Портфель был, что называется, видавший виды. На нём оставили свои следы все этапы барановской жизни. Если углубиться в изучение его нутра, то многое стало бы известно о его бессменном владельце. На подкладке первого отделения выделялись чернильные пятна. Они относились к периоду, когда модно было писать чернильными ручками. В то время у тщеславного Баранова имелся собственный паркер, который ему на день рождения преподнесли сотрудники. Консервативный, быстро и навсегда привыкающий к вещам Баранов таскал с собой любимую ручку везде и всюду. Он писал ею за рабочим столом в лаборатории, вечером с учениками, дома по ночам, когда корпел над диссертацией. Не изменял любимице и подписывая конверты, и заполняя квитанции.
Но однажды от практически круглосуточного использования паркер дал трещину.

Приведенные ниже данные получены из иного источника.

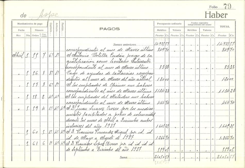 Libro de Caja, 1937-1938

Это пустячное событие вызвало у Баранова настоящий шок. Он представить себе не мог, как будет обходиться без привычного пера. Ему казалось, что именно с появлением паркера его разрозненные, неоформленные мысли стали ложиться на бумагу более упорядоченными, чёткими, структурированными. Смешно, но он действительно опасался, что не сможет писать другими ручками так же хорошо, как писал этой. Вдруг у новых перьев не окажется того лёгкого скольжения по бумаге, будет не та толщина линии, и это отразится на его тонко организованном мыслительном процессе. Авторучка стала для суеверного Баранова своеобразным амулетом и талисманом одновременно.
Раньше паркер всё время находился во внутреннем кармане пиджака. Но трещина росла день ото дня, и, чтобы не запачкать одежду, Баранов переложил ручку в специальное отделение портфеля. Там однажды она выплеснула остатки содержимого на подкладку, после чего – с тоской и даже скорбью – была торжественно отправлена на помойку. Удивительно, что при своей агонии перо не залило чернилами ни одной книги, ни одного важного документа. Интеллигентное изделие, ничего не скажешь.
На портфеле выделялись два замка, причём один из них выглядел явно моложе другого. Застёгивались они на внешних карманах, где Баранов имел обыкновение хранить всякие мелочи, как нужные, так и совершенно бесполезные. Тут лежали огрызки ластиков, телефонные карточки, просроченные проездные билеты, визитки, записки с напоминаниями о встречах и многое, многое другое.
С течением жизни обширные внутренности коричневого любимца постепенно наполнялись периодикой, скомканными черновиками, потрёпанными главами никак не желающей складываться диссертации. Содержимое дополняли брошюры, пособия и методические материалы, призванные помочь в репетиторском труде.
Долго распухал коричневокожий товарищ от обилия интересов своего владельца, пока однажды, распираемый энергией барановских замыслов, один из замков не выдержал напряжения и не отскочил. При этом второй замок, видимо, из солидарности с первым, тут же подло расстегнулся. Значительная часть содержимого портфеля рассыпалась прямо в грязном подземном переходе, ведущем к станции метро. Единственный раз в жизни саквояж позорно выставил своё переполненное нутро на постороннее обозрение. Заветные барановские мысли разлетелись белыми голубями, расселись по недочищённым ступеням, смешались с зимней снежно-коричневой кашей.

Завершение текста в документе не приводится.